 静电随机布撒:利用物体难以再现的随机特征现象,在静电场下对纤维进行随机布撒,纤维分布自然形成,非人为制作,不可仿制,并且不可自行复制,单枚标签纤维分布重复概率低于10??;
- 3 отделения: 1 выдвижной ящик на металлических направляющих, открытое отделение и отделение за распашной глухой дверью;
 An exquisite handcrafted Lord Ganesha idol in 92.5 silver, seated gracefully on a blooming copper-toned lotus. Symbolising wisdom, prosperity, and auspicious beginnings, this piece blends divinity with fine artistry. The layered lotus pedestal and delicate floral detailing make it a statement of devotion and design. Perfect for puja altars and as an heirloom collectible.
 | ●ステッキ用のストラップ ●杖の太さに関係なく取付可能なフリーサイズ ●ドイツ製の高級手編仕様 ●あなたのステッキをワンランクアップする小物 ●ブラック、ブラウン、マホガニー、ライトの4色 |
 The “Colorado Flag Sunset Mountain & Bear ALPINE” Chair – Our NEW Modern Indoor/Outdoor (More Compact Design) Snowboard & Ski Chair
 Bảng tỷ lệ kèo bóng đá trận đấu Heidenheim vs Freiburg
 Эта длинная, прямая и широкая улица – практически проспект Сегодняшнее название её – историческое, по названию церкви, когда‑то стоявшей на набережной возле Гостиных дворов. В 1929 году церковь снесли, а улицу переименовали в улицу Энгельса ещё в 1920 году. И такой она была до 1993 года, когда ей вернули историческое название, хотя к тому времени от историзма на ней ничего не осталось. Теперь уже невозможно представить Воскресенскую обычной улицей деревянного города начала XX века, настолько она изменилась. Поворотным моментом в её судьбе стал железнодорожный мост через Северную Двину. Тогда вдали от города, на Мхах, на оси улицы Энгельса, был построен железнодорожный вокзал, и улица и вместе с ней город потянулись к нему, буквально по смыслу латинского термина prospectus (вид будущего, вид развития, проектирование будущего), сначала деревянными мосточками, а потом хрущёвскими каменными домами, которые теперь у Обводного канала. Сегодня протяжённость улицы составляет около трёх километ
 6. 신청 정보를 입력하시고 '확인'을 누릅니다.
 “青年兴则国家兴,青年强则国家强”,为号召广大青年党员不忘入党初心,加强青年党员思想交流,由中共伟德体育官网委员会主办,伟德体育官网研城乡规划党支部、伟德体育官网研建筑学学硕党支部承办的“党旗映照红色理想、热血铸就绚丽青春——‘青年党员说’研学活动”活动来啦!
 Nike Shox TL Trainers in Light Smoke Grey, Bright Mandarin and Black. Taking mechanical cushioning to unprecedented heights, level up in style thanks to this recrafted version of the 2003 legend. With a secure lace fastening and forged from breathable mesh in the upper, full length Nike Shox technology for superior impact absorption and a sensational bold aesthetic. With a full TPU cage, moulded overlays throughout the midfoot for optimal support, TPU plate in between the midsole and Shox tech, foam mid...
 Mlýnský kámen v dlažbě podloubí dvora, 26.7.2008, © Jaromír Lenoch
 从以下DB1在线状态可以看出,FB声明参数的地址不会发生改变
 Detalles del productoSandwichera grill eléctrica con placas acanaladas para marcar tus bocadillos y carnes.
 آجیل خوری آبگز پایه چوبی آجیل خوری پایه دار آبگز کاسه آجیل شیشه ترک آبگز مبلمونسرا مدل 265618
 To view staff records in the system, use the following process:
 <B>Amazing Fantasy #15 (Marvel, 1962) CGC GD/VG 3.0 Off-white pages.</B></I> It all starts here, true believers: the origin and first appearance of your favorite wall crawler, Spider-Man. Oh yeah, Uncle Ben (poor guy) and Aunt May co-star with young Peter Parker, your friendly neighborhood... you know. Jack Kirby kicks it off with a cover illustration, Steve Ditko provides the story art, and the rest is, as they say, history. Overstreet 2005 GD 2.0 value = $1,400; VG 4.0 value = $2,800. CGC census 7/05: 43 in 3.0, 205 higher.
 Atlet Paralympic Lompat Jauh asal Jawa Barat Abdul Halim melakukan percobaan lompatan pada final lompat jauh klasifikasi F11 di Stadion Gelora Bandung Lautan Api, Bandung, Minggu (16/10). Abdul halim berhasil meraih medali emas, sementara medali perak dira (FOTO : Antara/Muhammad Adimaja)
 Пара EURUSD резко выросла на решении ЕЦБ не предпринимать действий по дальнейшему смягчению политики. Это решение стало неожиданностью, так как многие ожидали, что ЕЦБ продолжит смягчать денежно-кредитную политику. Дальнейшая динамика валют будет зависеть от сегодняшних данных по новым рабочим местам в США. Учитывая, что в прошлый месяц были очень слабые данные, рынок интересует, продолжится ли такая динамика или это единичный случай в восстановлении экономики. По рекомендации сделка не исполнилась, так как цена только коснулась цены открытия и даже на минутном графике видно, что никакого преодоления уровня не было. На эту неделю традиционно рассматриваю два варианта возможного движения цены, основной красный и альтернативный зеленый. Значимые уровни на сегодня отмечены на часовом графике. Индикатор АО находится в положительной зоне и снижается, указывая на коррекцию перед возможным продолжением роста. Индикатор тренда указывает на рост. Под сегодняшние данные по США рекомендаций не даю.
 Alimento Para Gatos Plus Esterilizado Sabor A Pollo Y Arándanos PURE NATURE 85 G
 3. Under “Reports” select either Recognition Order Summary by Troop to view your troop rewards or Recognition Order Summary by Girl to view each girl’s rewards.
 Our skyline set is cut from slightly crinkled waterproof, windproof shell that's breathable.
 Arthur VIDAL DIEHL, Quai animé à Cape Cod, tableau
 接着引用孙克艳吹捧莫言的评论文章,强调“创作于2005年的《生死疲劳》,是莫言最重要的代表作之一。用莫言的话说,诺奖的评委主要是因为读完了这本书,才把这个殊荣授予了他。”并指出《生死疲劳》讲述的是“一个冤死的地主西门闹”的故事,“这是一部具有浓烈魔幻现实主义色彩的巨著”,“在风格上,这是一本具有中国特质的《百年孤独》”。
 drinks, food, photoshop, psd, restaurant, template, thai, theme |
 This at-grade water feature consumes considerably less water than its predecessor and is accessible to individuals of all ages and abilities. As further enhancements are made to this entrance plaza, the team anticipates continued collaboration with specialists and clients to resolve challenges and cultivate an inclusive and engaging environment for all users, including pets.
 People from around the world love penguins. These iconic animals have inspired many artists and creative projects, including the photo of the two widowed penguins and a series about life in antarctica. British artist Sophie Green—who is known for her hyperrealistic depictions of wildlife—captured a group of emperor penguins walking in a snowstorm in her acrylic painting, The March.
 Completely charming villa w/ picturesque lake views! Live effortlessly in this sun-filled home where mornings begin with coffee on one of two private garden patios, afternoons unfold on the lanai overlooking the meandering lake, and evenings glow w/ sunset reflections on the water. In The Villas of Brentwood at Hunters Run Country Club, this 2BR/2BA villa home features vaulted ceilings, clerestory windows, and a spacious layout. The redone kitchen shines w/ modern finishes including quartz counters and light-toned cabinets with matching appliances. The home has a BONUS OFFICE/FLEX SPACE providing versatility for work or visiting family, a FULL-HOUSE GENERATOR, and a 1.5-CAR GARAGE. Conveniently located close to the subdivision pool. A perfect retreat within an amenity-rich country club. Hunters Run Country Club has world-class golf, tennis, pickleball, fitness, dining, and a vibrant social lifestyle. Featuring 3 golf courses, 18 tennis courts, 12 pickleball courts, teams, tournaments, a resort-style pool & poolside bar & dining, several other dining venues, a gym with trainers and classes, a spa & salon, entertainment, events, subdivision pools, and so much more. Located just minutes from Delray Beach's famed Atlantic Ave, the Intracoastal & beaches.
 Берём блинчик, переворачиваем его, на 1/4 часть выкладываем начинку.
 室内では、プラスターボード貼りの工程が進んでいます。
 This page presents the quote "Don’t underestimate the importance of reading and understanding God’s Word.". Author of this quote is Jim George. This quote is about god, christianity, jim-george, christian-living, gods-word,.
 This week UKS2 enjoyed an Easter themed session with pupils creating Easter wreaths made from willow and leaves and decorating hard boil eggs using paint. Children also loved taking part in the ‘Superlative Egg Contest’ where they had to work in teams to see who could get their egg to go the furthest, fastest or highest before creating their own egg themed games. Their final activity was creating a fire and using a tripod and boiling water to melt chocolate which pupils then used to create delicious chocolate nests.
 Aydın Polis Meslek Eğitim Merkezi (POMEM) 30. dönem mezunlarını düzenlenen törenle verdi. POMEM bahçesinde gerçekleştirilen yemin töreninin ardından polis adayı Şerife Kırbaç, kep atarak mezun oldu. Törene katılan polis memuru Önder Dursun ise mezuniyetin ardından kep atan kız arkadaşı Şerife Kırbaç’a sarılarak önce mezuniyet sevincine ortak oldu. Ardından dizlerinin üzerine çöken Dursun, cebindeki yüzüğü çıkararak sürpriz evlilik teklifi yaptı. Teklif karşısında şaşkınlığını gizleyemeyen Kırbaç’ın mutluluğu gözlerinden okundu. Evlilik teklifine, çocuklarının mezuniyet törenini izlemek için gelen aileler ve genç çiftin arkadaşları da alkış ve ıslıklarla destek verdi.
####
# What you are asked to do:
Retype the records above exactly, from their first line through the line that contains "6. 신청 정보를 입력하시고 '확인'을 누릅니다.", and stop there.

# Response:
 静电随机布撒:利用物体难以再现的随机特征现象,在静电场下对纤维进行随机布撒,纤维分布自然形成,非人为制作,不可仿制,并且不可自行复制,单枚标签纤维分布重复概率低于10??;
- 3 отделения: 1 выдвижной ящик на металлических направляющих, открытое отделение и отделение за распашной глухой дверью;
 An exquisite handcrafted Lord Ganesha idol in 92.5 silver, seated gracefully on a blooming copper-toned lotus. Symbolising wisdom, prosperity, and auspicious beginnings, this piece blends divinity with fine artistry. The layered lotus pedestal and delicate floral detailing make it a statement of devotion and design. Perfect for puja altars and as an heirloom collectible.
 | ●ステッキ用のストラップ ●杖の太さに関係なく取付可能なフリーサイズ ●ドイツ製の高級手編仕様 ●あなたのステッキをワンランクアップする小物 ●ブラック、ブラウン、マホガニー、ライトの4色 |
 The “Colorado Flag Sunset Mountain & Bear ALPINE” Chair – Our NEW Modern Indoor/Outdoor (More Compact Design) Snowboard & Ski Chair
 Bảng tỷ lệ kèo bóng đá trận đấu Heidenheim vs Freiburg
 Эта длинная, прямая и широкая улица – практически проспект Сегодняшнее название её – историческое, по названию церкви, когда‑то стоявшей на набережной возле Гостиных дворов. В 1929 году церковь снесли, а улицу переименовали в улицу Энгельса ещё в 1920 году. И такой она была до 1993 года, когда ей вернули историческое название, хотя к тому времени от историзма на ней ничего не осталось. Теперь уже невозможно представить Воскресенскую обычной улицей деревянного города начала XX века, настолько она изменилась. Поворотным моментом в её судьбе стал железнодорожный мост через Северную Двину. Тогда вдали от города, на Мхах, на оси улицы Энгельса, был построен железнодорожный вокзал, и улица и вместе с ней город потянулись к нему, буквально по смыслу латинского термина prospectus (вид будущего, вид развития, проектирование будущего), сначала деревянными мосточками, а потом хрущёвскими каменными домами, которые теперь у Обводного канала. Сегодня протяжённость улицы составляет около трёх километ
 6. 신청 정보를 입력하시고 '확인'을 누릅니다.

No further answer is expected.